DHI FISIP UI Mendorong Mahasiswa untuk Memahami Lebih Lanjut tentang Isu Keamanan Nasional dan Hak-Hak Sipil
Departemen Ilmu Hubungan Internasional Fakultas Ilmu Sosial dan Ilmu Politik Universitas Indonesia (DHI Fisip UI) mengadakan seminar dengan tema “Mencari Titik Tengah Demokrasi: Antara Keamanan Nasional dan Kebebasan Sipil” pada Kamis (30/5).
Seminar ini membahas isu spyware dalam konteks keamanan nasional dan kebebasan sipil yang sedang hangat diperbincangkan. Baru-baru ini, laporan dari Amnesty International menyoroti penggunaan spyware oleh pemerintah Indonesia yang diduga berasal dari Israel.
Laporan tersebut menyebutkan bahwa penggunaan spyware tersebut dapat dianggap sebagai tindakan represif terhadap kebebasan sipil dan menunjukkan adanya pelanggaran terhadap HAM di Indonesia.
Seminar ini diadakan di Auditorium Ilmu Komunikasi dan dipandu oleh Broto Wardoyo, seorang dosen di Departemen Hubungan Internasional Fisip UI. Acara tersebut juga dihadiri oleh sejumlah pembicara terkemuka yang memberikan wawasan mendalam mengenai topik yang sedang dibahas.
Ketua Departemen Hubungan Internasional Fisip UI, Asra Virgianita, menyambut baik terselenggaranya seminar ini dan mendorong peserta, khususnya mahasiswa, untuk memanfaatkan acara tersebut dalam meningkatkan pemahaman tentang isu keamanan nasional dan hak-hak sipil.

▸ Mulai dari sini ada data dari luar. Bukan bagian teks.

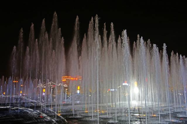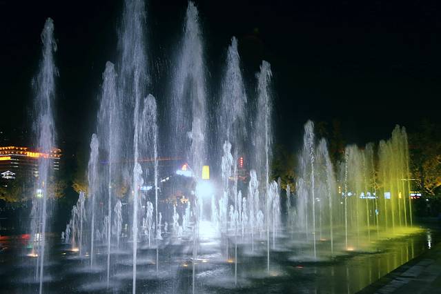 音乐喷泉最前方看见的水喷洒出来是有颜色的,可是后来问了人告诉我们后面是观景台,走到后面反而全程看到的喷泉都是白色的???看来位置很重要!因为抢到一个靠前的位置就没错了,没想到这就大错特错了。条件允许的话可以变换角度和位置观看。
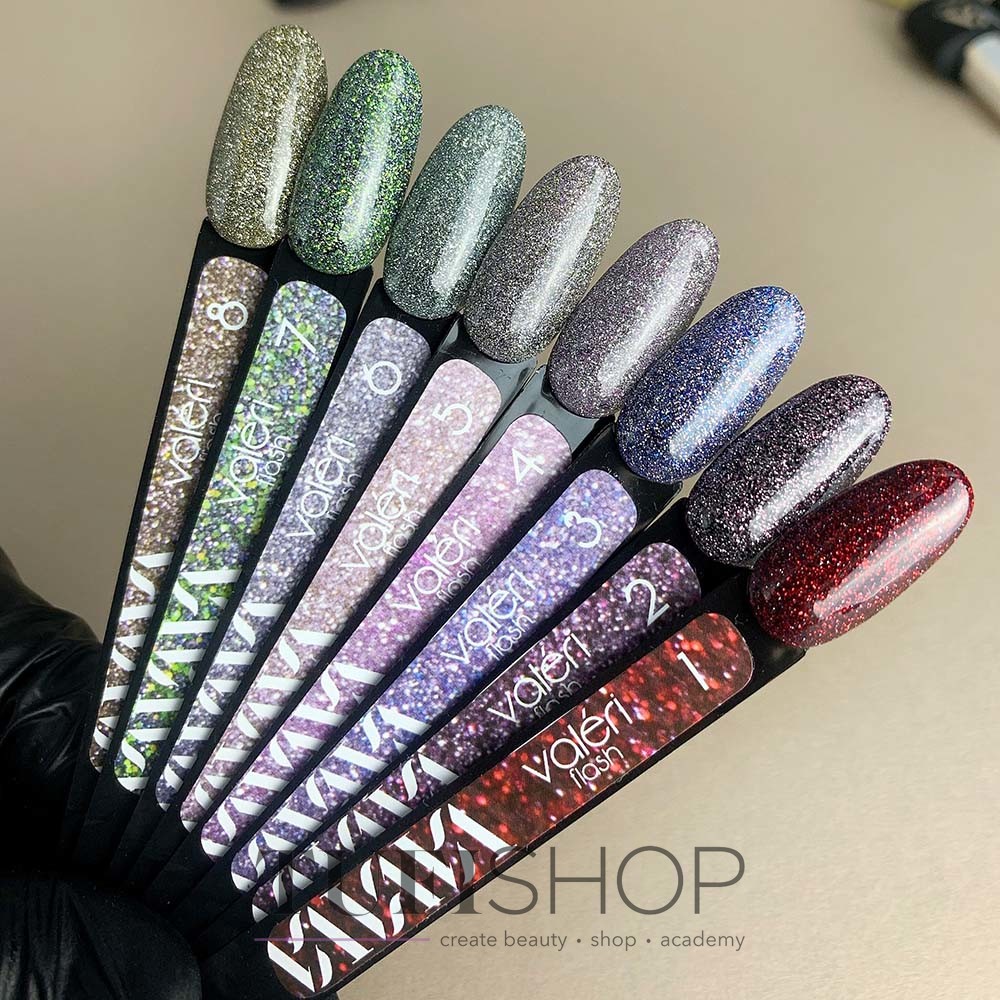 Lakier żelowy Valeri to wysokiej jakości i niedrogi materiał opracowany przez profesjonalistów dla mistrzów branży paznokciowej! Paleta obejmuje wiele różnych kolorów i serii. Kolekcja lakierów żelowych Flash składa się z wysoce napigmentowanych i odpornych na ścieranie kolorów. Lakier żelowy zawiera odblaskowy piasek i brokat, niezwykle błyszczący w każdym świetle. Łatwy w użyciu, wystarczy jedna warstwa, która równomiernie rozprowadza się na płytce paznokcia i nie kapie na boczne wałki. Dzięki bardzo korzystnej i wygodnej pojemności można stworzyć własną, dużą paletę lakierów żelowych. Valeri Flash lakieru hybrydowy gwarantuje stworzenie atrakcyjnego, niepowtarzalnego i perfekcyjnego manicure w świątecznym stylu.

“Kampus sebagai pusat pendidikan harus mengedukasi masyarakat agar dapat melihat isu-isu dari berbagai sudut pandang untuk memperoleh pemahaman yang seimbang,” ujar Asra.
“Apakah benar spyware hanya akan merugikan hak-hak sipil tanpa mempertimbangkan kepentingan lain seperti keamanan nasional yang mungkin relevan dengan teknologi tersebut,” tambahnya.

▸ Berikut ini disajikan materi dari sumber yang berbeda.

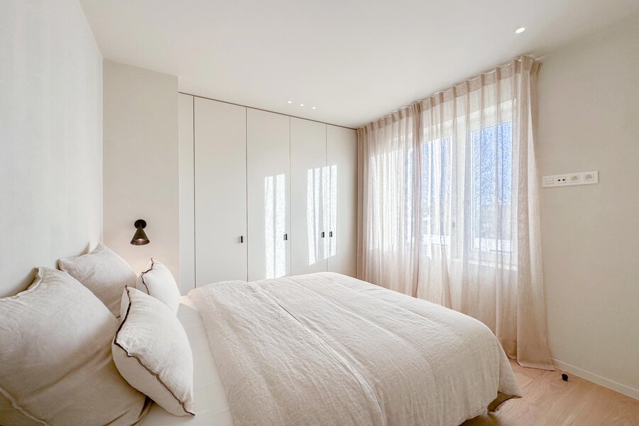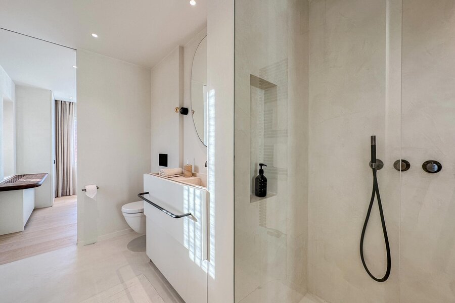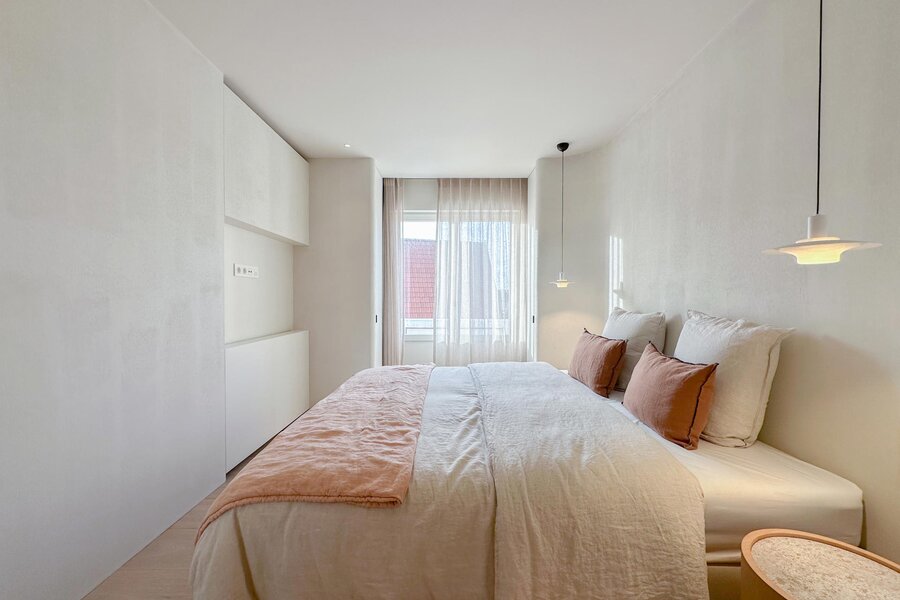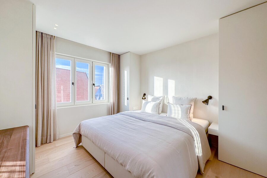 Master bedroom met terras, douchekamer en apart toilet. Een 2e slaapkamer met terras gevolgd door een gedeelde douchekamer met de 3e slaapkamer. De 4e slaapkamer bevindt zich op de zolderverdieping, deze deed vroeger dienst als meidenkamer. Overig beschikt het appartement ook nog over een berging met aansluiting voor een wasmachine.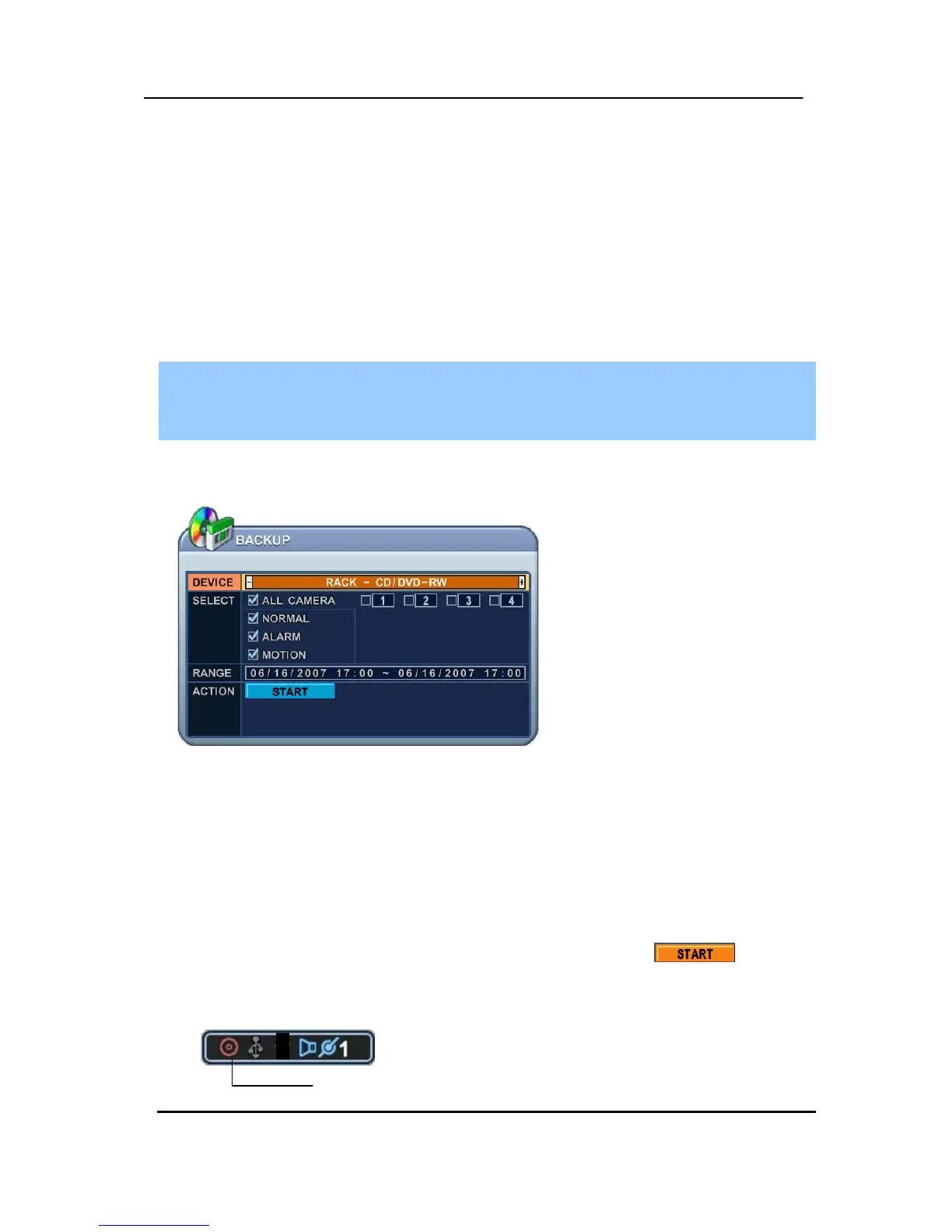 * CD indicator will be changed to BLUE Color that the backup is in session.

Deputi Bidang Keamanan Siber dan Sandi Pemerintahan serta Pembangunan Manusia BSSN RI, Sulistyo, menjelaskan dinamika perlindungan data dan kebijakan lokal data yang sebaiknya diterapkan di Indonesia.
Sulistyo juga menyoroti prediksi ancaman siber di tahun 2024, termasuk ancaman ransomware, dan menekankan pentingnya regulasi yang lebih kuat serta kesadaran institusi untuk mematuhi rekomendasi pihak berwenang, dalam hal ini BSSN, untuk mencegah kebocoran data.

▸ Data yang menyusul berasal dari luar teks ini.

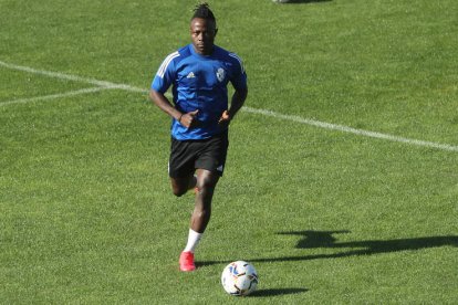 Moussa Sibidé, durante el entrenamiento realizado ayer por la Ponferradina. L. DE LA MATA
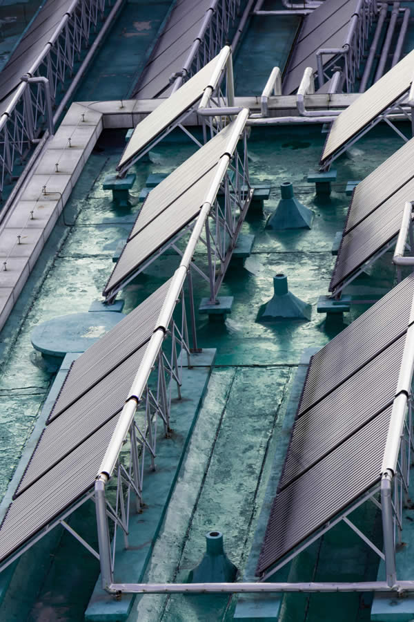 Instalación y mantenimiento de sistemas solares térmicos para calentar agua sanitaria y apoyar la calefacción en hogares, comunidades e instalaciones industriales.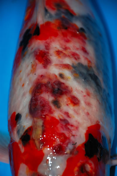 In de overtuiging dat dit de oorzaak is laten de koi keepers de wond voor wat het is en hopen ze dat de wond van zichzelf geneest terwijl het in veel gevallen enkel maar kan verergeren.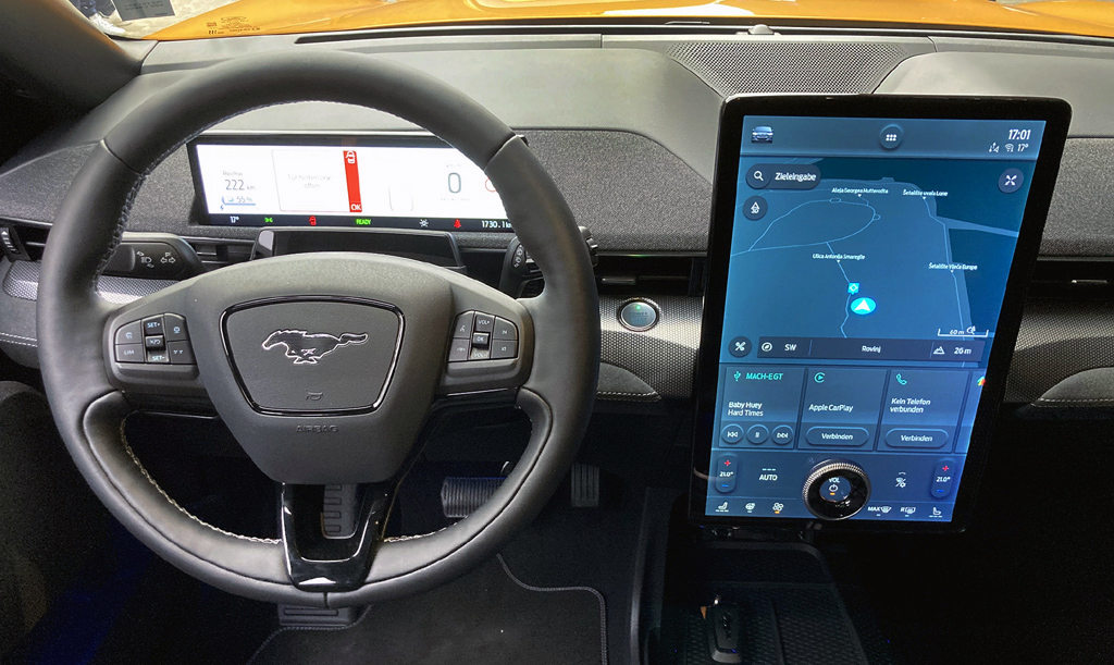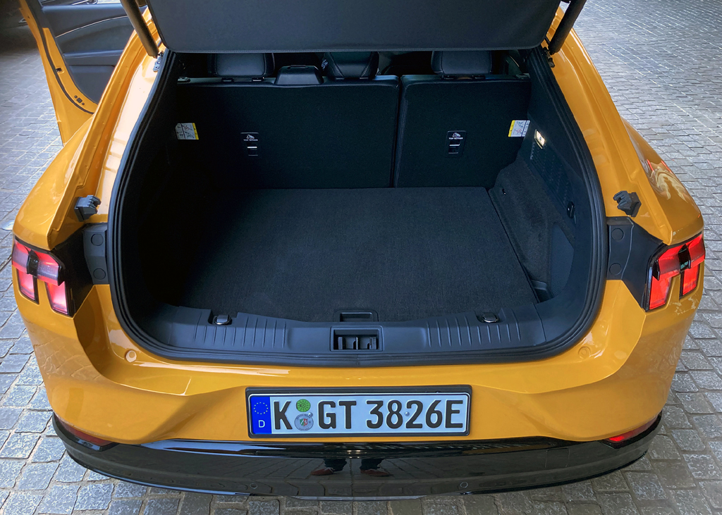 Das Fahren: Das Fahrerlebnis überzeugt. Der Motor hinten erreicht Ford zufolge schon nach einer halben Sekunde seine maximale Antriebskraft, der vorn steuert zusätzliche Leistung, Drehmoment und Traktion bei. Die Beschleunigung ist schon beeindruckend. Die drei Fahrprogramme „Zahm“, „Aktiv“ und „Temperamentvoll“ sind bereits in den normalen Mach-E Standard, passen die Kennlinien von Fahrpedal, Lenkung, Dämpfung, simulierten Schaltvorgängen und künstlich erzeugtem „Motorsound“ im Innenraum entsprechend an. Als zusätzlicher Modus kommt im GT noch „Ungezähmt“ hinzu. Er verringert die Schwelle zur Aktivierung des elektronischen Schleuderschutzes und der Traktionsregelung, um sich etwa auf Rennstrecken noch ambitionierter fortbewegen zu können. Zudem ist der Antriebsstrang speziell kalibriert. Der größere Teil des Motormoments geht an die Hinterräder, was den sportlicheren Fahrcharakter nochmals erhöht. Das Fahrwerk arbeitet adaptiv auf Basis der elektronischen Dämpferverstellung. Über das serienmäßige One Pedal Drive lassen sich das Beschleunigen und Bremsen in einem Pedal vereinen. Es bietet die Möglichkeit, die Reichweite zu vergrößern. Statt das Bremspedal zu betätigen, genügt es dank Rekuperationsverzögerung, einfach den Fuß vom Fahrpedal zu nehmen – und die zurückgewonnene Energie wird als Strom wieder in die Batterie eingespeist. Die bei Elektroautos sonst nicht selten etwas künstlich wirkende Lenkung gibt in diesem Fall direktere Rückmeldung. Die Scheibenbremsen packen standfest zu.
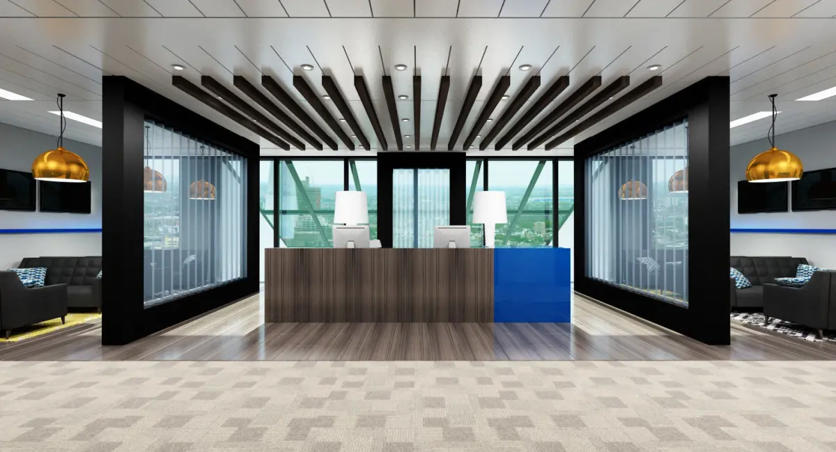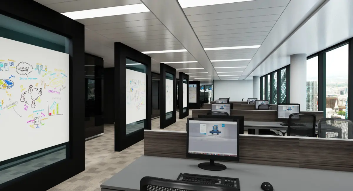 Detailed full office interior scene.

“Ancaman terhadap data dapat dibagi menjadi tiga bentuk utama, yaitu Data Dicari, Data Diberi, dan Data Dicuri yang dilakukan oleh para pelaku kejahatan dunia maya, dengan target orang-orang yang memiliki nilai strategis,” katanya.
“Dalam konteks ini, spyware atau penyadapan terkait dengan pencurian data yang potensi penyalahgunaannya relatif kecil,” lanjutnya.
Turut serta sebagai pembicara adalah Wakil Kepala Densus 88 AT Polri, Brigjen. Pol. I Made Astawa; Pemimpin Redaksi GTV dan Ketua Ikatan Jurnalis Televisi Indonesia (IJTI), Herik Kurniawan; Peneliti di The Habibie Center, Mabda Haerunnisa Fajrilla Sidiq; Ketua Program Studi Kajian Ketahanan Nasional SKSG UI, J. Simon Runturambi; dan dosen Keamanan Internasional, Program Studi Ilmu Hubungan Internasional FISIP UI, Ali Abdullah Wibisono.
Dalam era digital, sektor swasta juga memiliki peran penting sebagai penyedia jasa atau broker aplikasi penyadapan. Proses penyadapan harus transparan dan akuntabel. Keputusan untuk melakukan penyadapan harus merupakan keputusan etis, mempertimbangkan tujuan, ancaman yang timbul, dan wewenang lembaga yang mengambil keputusan.
Semua pembicara memberikan materi yang membuka wawasan tentang bagaimana mencari keseimbangan antara keamanan nasional dan kebebasan sipil di era digital. Kita sebagai masyarakat memiliki peran penting dalam menjaga keseimbangan tersebut, serta mengawasi kebijakan keamanan siber untuk memastikan keseimbangan antara keamanan nasional dan kebebasan sipil.